A meeting between the Venezuelan government and the opposition to resolve the country’s deep political crisis ended without agreement on Wednesday, the opposition said, although negotiators left the door open to further talks, Financial Times reported.
Representatives of the government of Nicolas Maduro met envoys sent by opposition leader Juan Guaidi to Oslo. Unlike a meeting held in Norway’s capital earlier this month, the two sides met face to face, FT adds.
“This meeting ended without agreement,” Guaido’s team said in a statement afterwards. “We thank the government of Norway for its willingness to contribute to a solution to the chaos that our country is suffering.”

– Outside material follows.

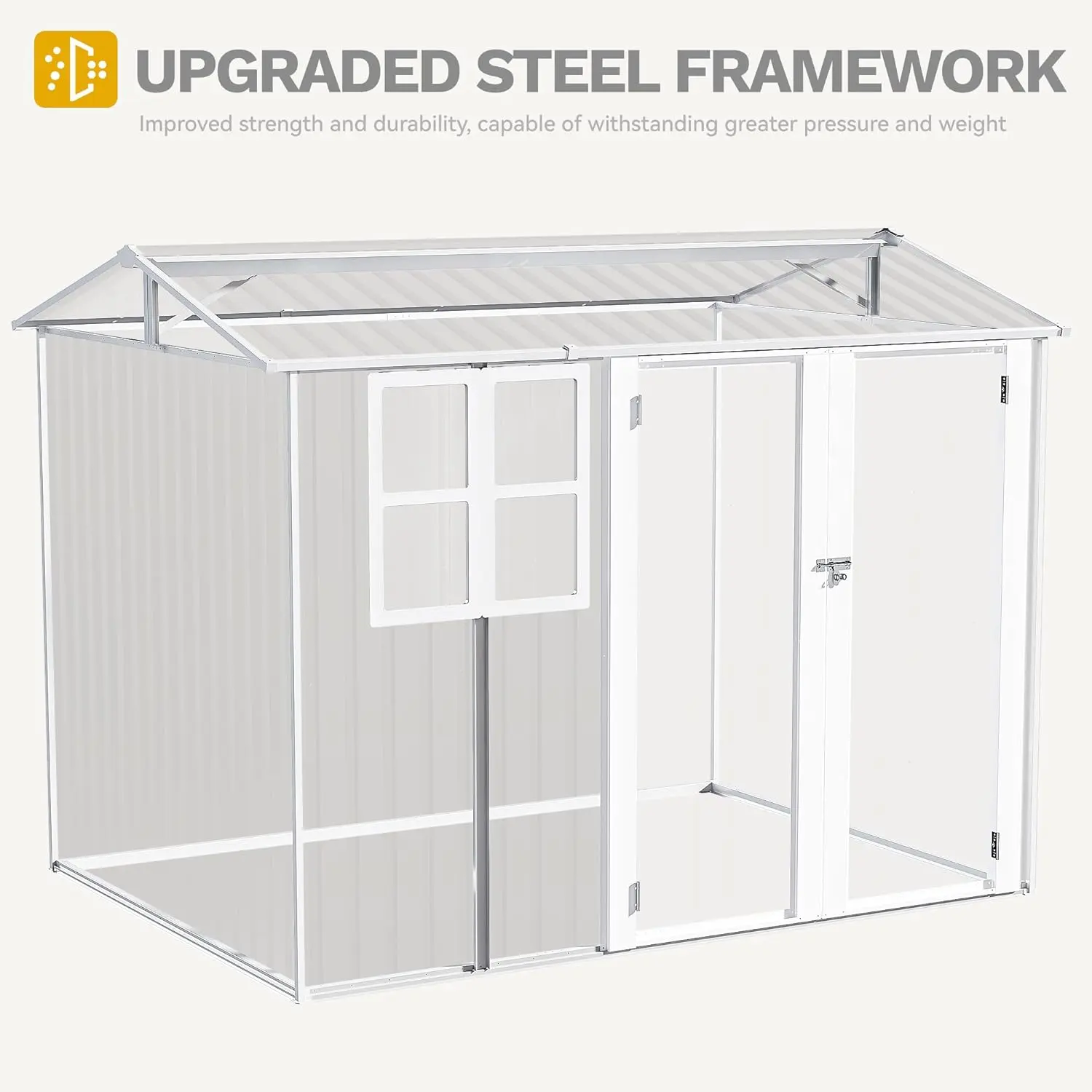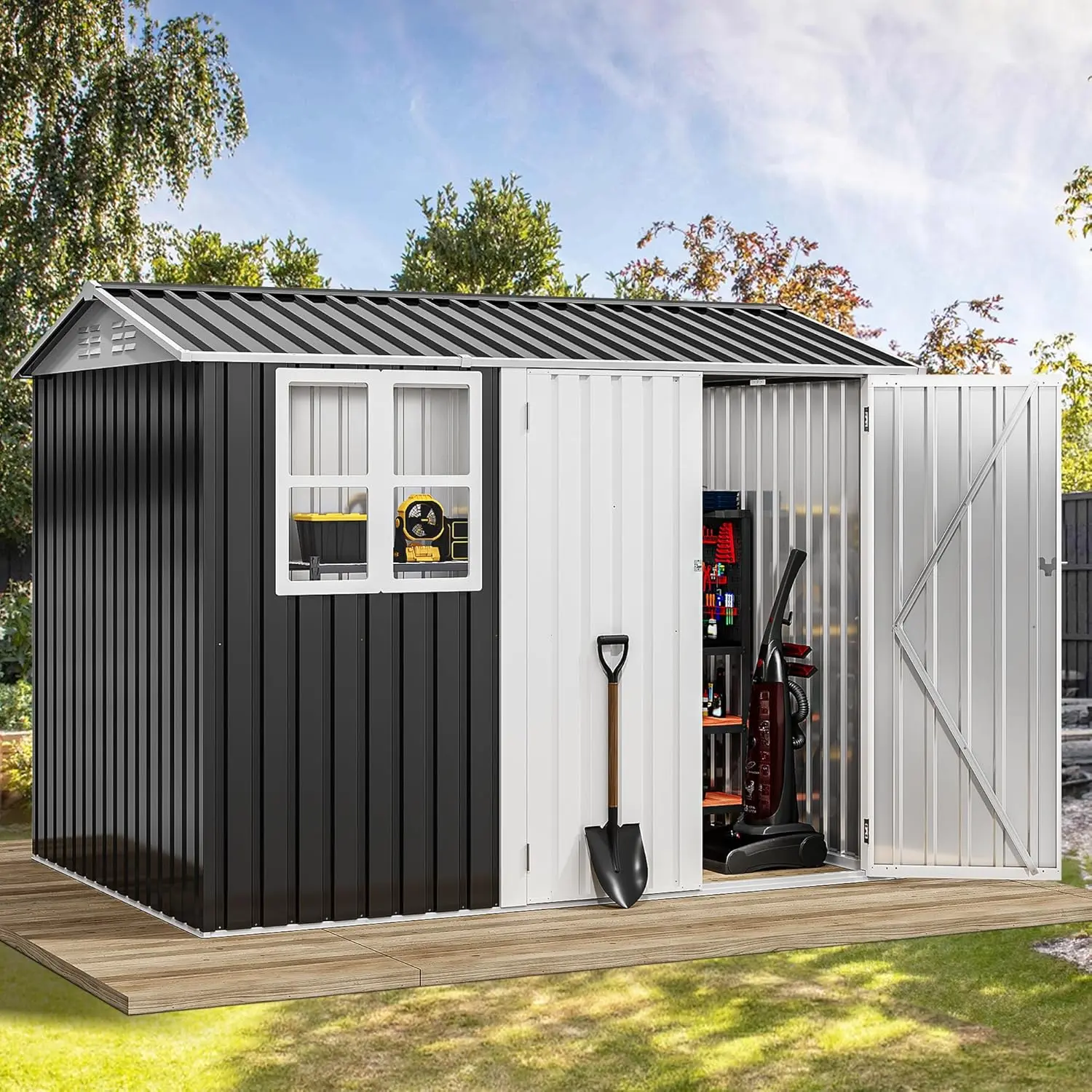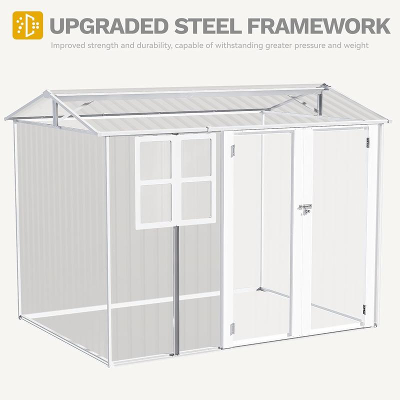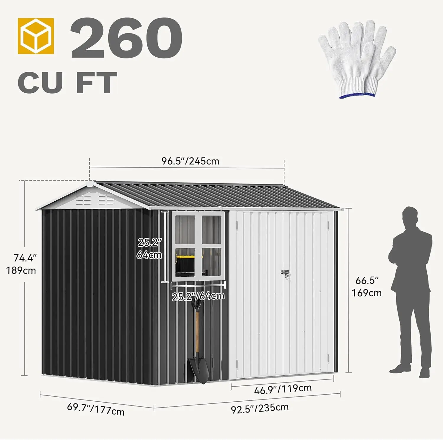 Spacious and Versatile: Measuring 92.5''L x 69.7''W x 74.4''H, this 8 x 6 ft metal outdoor storage shed offers 260 cubic feet of storage, spacious for garden tools, bikes, and outdoor gear; It's multipurpose as a pet shelter or greenhouse

The Maduro government did not comment on the outcome of the talks. The Norwegians said earlier in the day that both sides had shown willingness to reach a deal.
Maduro and Guaido have been locked in a power struggle since the start of the year, when the opposition leader declared himself Venezuela’s interim president, arguing that Maduro had usurped power on the basis of bogus elections, FT writes.
Neither side has scored a decisive victory, and their struggle has largely ground to a halt. Maduro controls most state institutions and has the support of the armed forces, while Guaido enjoys the support of the U.S. and most countries in Europe and Latin America.
The stalemate has forced both sides to negotiate, but the talks in Oslo were the clearest sign yet that there could be a peaceful resolution to the crisis.
Separately, the EU and some Latin American countries have set up an international contact group to look for ways out of the impasse. The Group of Lima, which includes most major countries in the region, has also put pressure on Maduro to stand down.
Guaido’s team said it was willing to work further with the Norwegians, “just as we have been doing with the Group of Lima and the contact group.”
On Tuesday Federica Mogherini, the EU’s foreign policy chief, appointed Enrique Iglesias, a Spanish-Uruguayan economist and former president of the Inter-American Development Bank, as its special adviser for Venezuela. Iglesias, 89, is also a former Uruguayan foreign minister.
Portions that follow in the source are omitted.